Platelet Rich Plasma Therapy (PRP) seems to be promising, at least from what I've been reading on the men's section on PRP. Has any female with androgenetic hair loss tried PRP and seen any benefits? Please respond.

----------


## iwannakeephair1674

> Platelet Rich Plasma Therapy (PRP) seems to be promising, at least from what I've been reading on the men's section on PRP. Has any female with androgenetic hair loss tried PRP and seen any benefits? Please respond.


 YES!... it does work in women. When I had PRP done to me, in the office I saw a woman there in the waiting room waiting for her friend to get out. She had the PRP done months before and said she is elated about the results. In fact,her friend that she was with noticed a great increase in her hair and asked her how she did that. So because of that her friend decided to get it herself. I believe this technology works!

Hope this helps,
Destin

----------


## pipsnum

Thank you for responding, Destin. There are two other things I'd like to ask, and if others have experience or knowledge to respond, please do. And that is how often does one need to have PRP done? I have read that PRP should be done every six months. And what is its efficacy for balding women who also have poor health?
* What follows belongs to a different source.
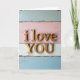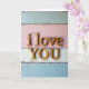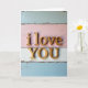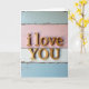 This card shows the words “I love you” in raised, shiny gold letters that sit right in the middle of the front. The letters have a simple, chunky look and cast soft shadows, like there’s a gentle light shining from above. Behind the message are horizontal wooden planks with chipped paint and visible wood grain, giving the background a worn, cozy feel. The top and bottom planks are a light pastel blue, the middle area behind “I love” is a soft pink, and the lower section behind “you” is white. The words are easy to read, and the gold stands out clearly against the pink and white sections. It feels meaningful because the weathered wood and warm gold together suggest love that lasts through time, not just a quick note. Giving it says something simple but true, and it works for romance or a close friendship 🥰❤️. Hope it helps you share your Valentine’s Day feelings in a kind, honest way.
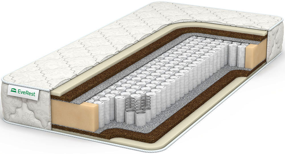 Пружинный матрас с ортопедическими свойствами с искусственным латексом на спальной поверхности и бикокосовыми плитами с двух сторон. Относится к моделям средней жесткости.

A hair loss clinic I am considering getting treatment at in South Korea has, among several program options, a three-month PRP and immunity boost and/or mesotherapy treatment. But since I am leaving the country they are suggesting that I receive a concentrated three-month dosage--4 PRP treatments all within a month. And I am a bit worried that this might be potentially hazardous. I understand that there are no side effects; nevertheless, 4 PRP treatments in one month seems maybe a bit too much? 

I am also wondering if this treatment helps a young female like me experiencing chronic fatigue symptoms and scalp infections with AA or specifically healthy AA women. On my scalp are follicles here and there that will permanently never sprout hair, thinning hair, and follicles that only sprout one healthy hair--not two or three usually seen on healthy females. The clinic says that my hair loss isn't due to genetics, but directly a response to poor health symptoms such as hypoglycemia, poor digestion, chronic fatigue, e.g., but I am a bit skeptical as I am experiencing mostly no hair-growth in the crown area.

----------


## iwannakeephair1674

> Thank you for responding, Destin. There are two other things I'd like to ask, and if others have experience or knowledge to respond, please do. And that is how often does one need to have PRP done? I have read that PRP should be done every six months. And what is its efficacy for balding women who also have poor health?
> 
> A hair loss clinic I am considering getting treatment at in South Korea has, among several program options, a three-month PRP and immunity boost and/or mesotherapy treatment. But since I am leaving the country they are suggesting that I receive a concentrated three-month dosage--4 PRP treatments all within a month. And I am a bit worried that this might be potentially hazardous. I understand that there are no side effects; nevertheless, 4 PRP treatments in one month seems maybe a bit too much? 
> 
> I am also wondering if this treatment helps a young female like me experiencing chronic fatigue symptoms and scalp infections with AA or specifically healthy AA women. On my scalp are follicles here and there that will permanently never sprout hair, thinning hair, and follicles that only sprout one healthy hair--not two or three usually seen on healthy females. The clinic says that my hair loss isn't due to genetics, but directly a response to poor health symptoms such as hypoglycemia, poor digestion, chronic fatigue, e.g., but I am a bit skeptical as I am experiencing mostly no hair-growth in the crown area.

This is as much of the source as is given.